Recently I moved, so I had to move all my servers, storage units, etc… When I got in to the new place, and went to power everything up, I noticed that my first drive had failed upon initializing one of the MSA20 units.. I replaced this drive, let it rebuild, and thought this would be the end of the issue, but I was incorrect. (Just so everyone knows, these units had been on continuously for 8+ months before turning them off to move).
For months since this happened and a successful rebuild, at times of high I/O (backing up to a NFS share using GhettoVCB), the logical drive in the array just disappears. I have each MSA20 connected to it’s own HP SmartArray 6400/6402 controller. When the logical drive disappears, I notice that the “Drive Failure” LED on the SA 640x controller illuminates. When this happens, I have to shut off all physical servers, the storage server (running Lio-Target), and the MSA’s, and restart everything.
Sometimes it is worse than others (example I’ve been dealing with this issue non-stop all weekend with no sleep). Even under low I/O I’ll be starting the VMs and it will just lose it again. While other times, I can run it for weeks as long as I keep the I/O to a minimum.

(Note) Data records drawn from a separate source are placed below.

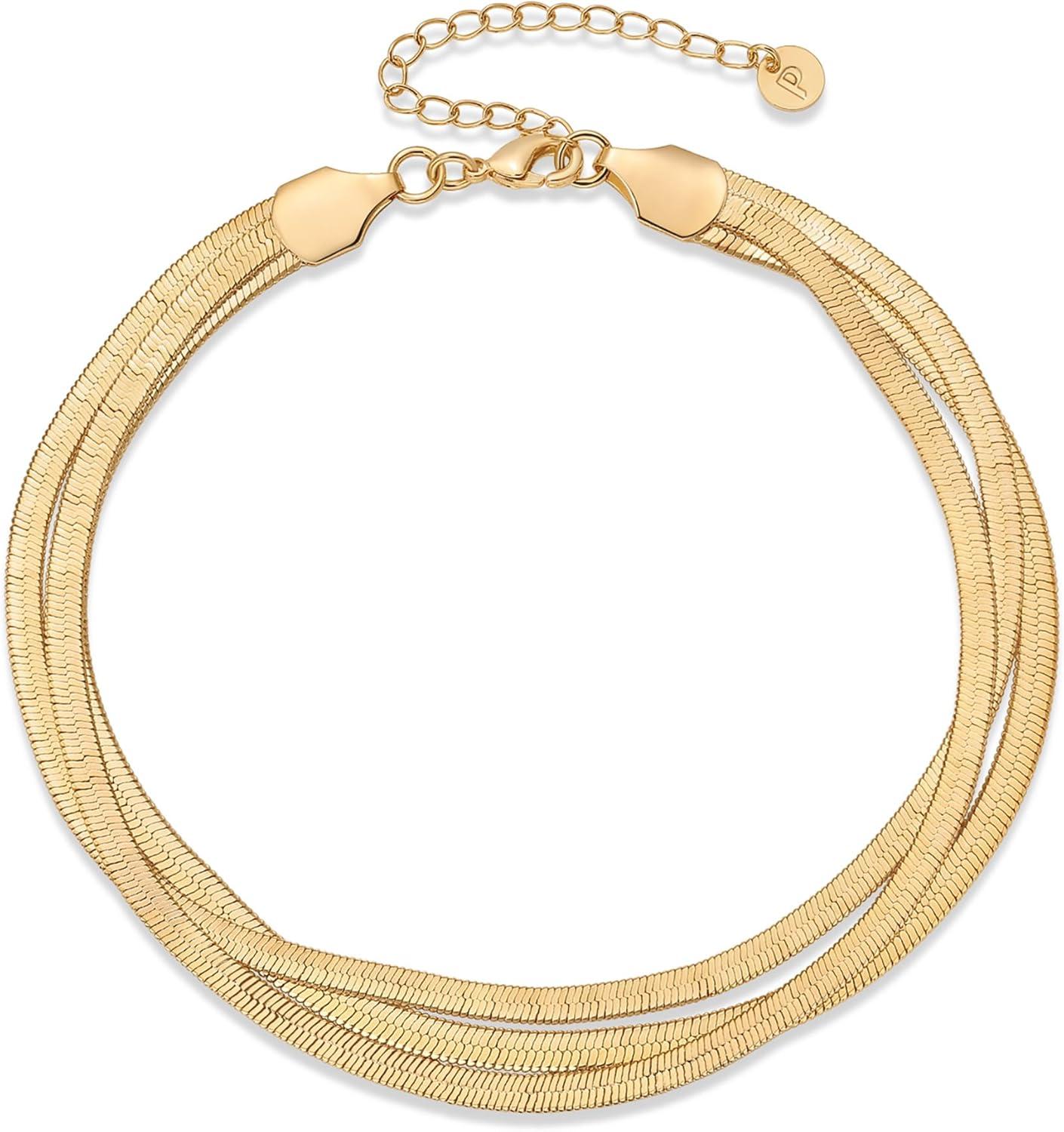 imagePAVOI 14K Gold Plated Chain Anklets for Women  Minimalist Link Chain Ankle Bracelet  Dainty Gold Anklets for Women  Trendy Summer Beach Jewelry Gifts  Snake Figaro Mariner Paperclip BeadedTriple Snake
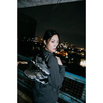 新色のシルバーは、立体的なWAVE PROPHECYソールと呼応し、シャープで未来的な表情を生みだし、テック・モード・ストリートと、多様なスタイルに調和しながら、未来感と品格を共存させる存在感を放っている。また、全体を引き締め、品格と力強さを両立するブラックのアクセントは、シルバーの光を際立たせながらも、スタイリングに奥行きをもたらしている。
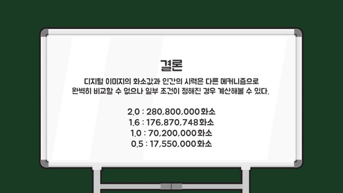 이처럼 시력과 시야각의 차이에 따라서도 화소값이 크게 차이가 납니다. 게다가 사람이 상을 인지하는 데엔 사물의 크기나 빛의 파장, 동공의 크기 등 더 다양한 요인을 복합적으로 고려해야 하므로 앞서 구한 화소값도 실제와 다를 수 있습니다.
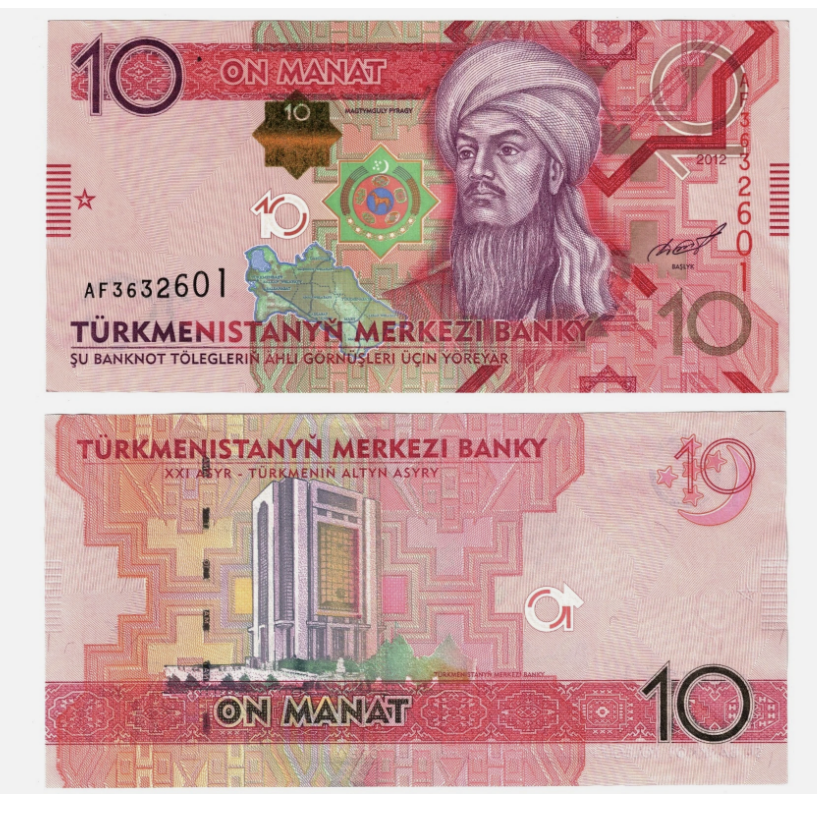 TURKMENISTAN 10 manat 2012, Magtymguly Pyragy, invatator spiritual, UNC
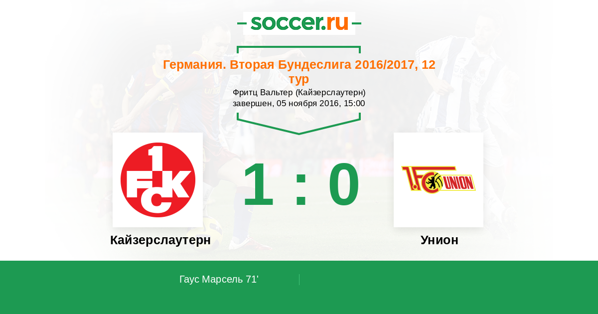 Протокол матча Кайзерслаутерн против Унион
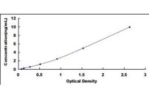 2. Standard - Reconstitute the Standard with 1.0 mL of Standard Diluent, keep for 10 minutes at room temperature, shake gently (not to foam). The concentration of the standard in the stock solution is 10 ng/mL. Prepare 7 tubes containing 0.5 mL Standard Diluent and produce a double dilution series. Mix each tube thoroughly before the next transfer. Set up 7 points of diluted standard such as 10 ng/mL, 5 ng/mL, 2.5 ng/mL, 1.25 ng/mL, 0.625 ng/mL, 0.312 ng/mL, 0.156 ng/mL, and the last microcentrifuge tube with Standard Diluent is the blank as 0 ng/mL.

I’ve read numerous other articles and posts of other people having the same issue. These people have had HP replace every single item inside of the MSA20 unit (except the drives) and the issue still occurs. This made me start thinking.
This weekend, I NEEDED to get a backup done. While doing this, the issue occurred, and it got to the point where I couldn’t even start the VMs, let alone back them up. I figured that since other people have had this issue, and since replacing all hardware hasn’t fixed it (I even moved a RAID array from one MSA20 to the other I have with no affect), then it has to be the drives themselves.
There are two possibilities, either the drives are failed, and the MSA20 isn’t reporting them as failed (which I’ve seen happen), or the way the MSA20 creates the RAID array has issues. I ran a ADU report and carefully read the entire report. Absolutely no issues reading/writing to the drives, and the MSA20 has no events in it’s log. It HAS to be the way the RAID array is created on the disks.
Please do not try this unless you know exactly what you’re doing. This is very dangerous and you can lose all your data. This is just me reporting on my experience and usage.
In desperation I thought to myself this all happened when a drive failed and I put a new disk in the array. Since I couldn’t back any of my data up, or let alone even start the VMs, I decided to start behaving dangerously. I kept all my vSphere hosts offline, and just turned on the MSA20 units and the SuperMicro server that is attached to them. I then proceeded to remove a drive, re-insert it, let it rebuild over 3 hours, then when healthy and rebuilt, do it to the next drive. I have a RAID 5 Array containing 4 X 500GB disks, so this actually took me a day to do (had to remove/re-insert, rebuild, then next drive).
After finally removing and rebuilding each drive in the array, I finally decided to boot up the vSphere servers, and run a backup of my 12 VMs. Not only did everything seem faster, but I completed the backup without any problems. This shows that there’s a very high chance that the RAID stuff on the drives is either corrupt, damaged, or just wasn’t implemented very nicely. Rebuilding each drive seemed to fix this. I’ll report in a few weeks to let you know for sure that it’s resolved!
Hope this helps someone out there!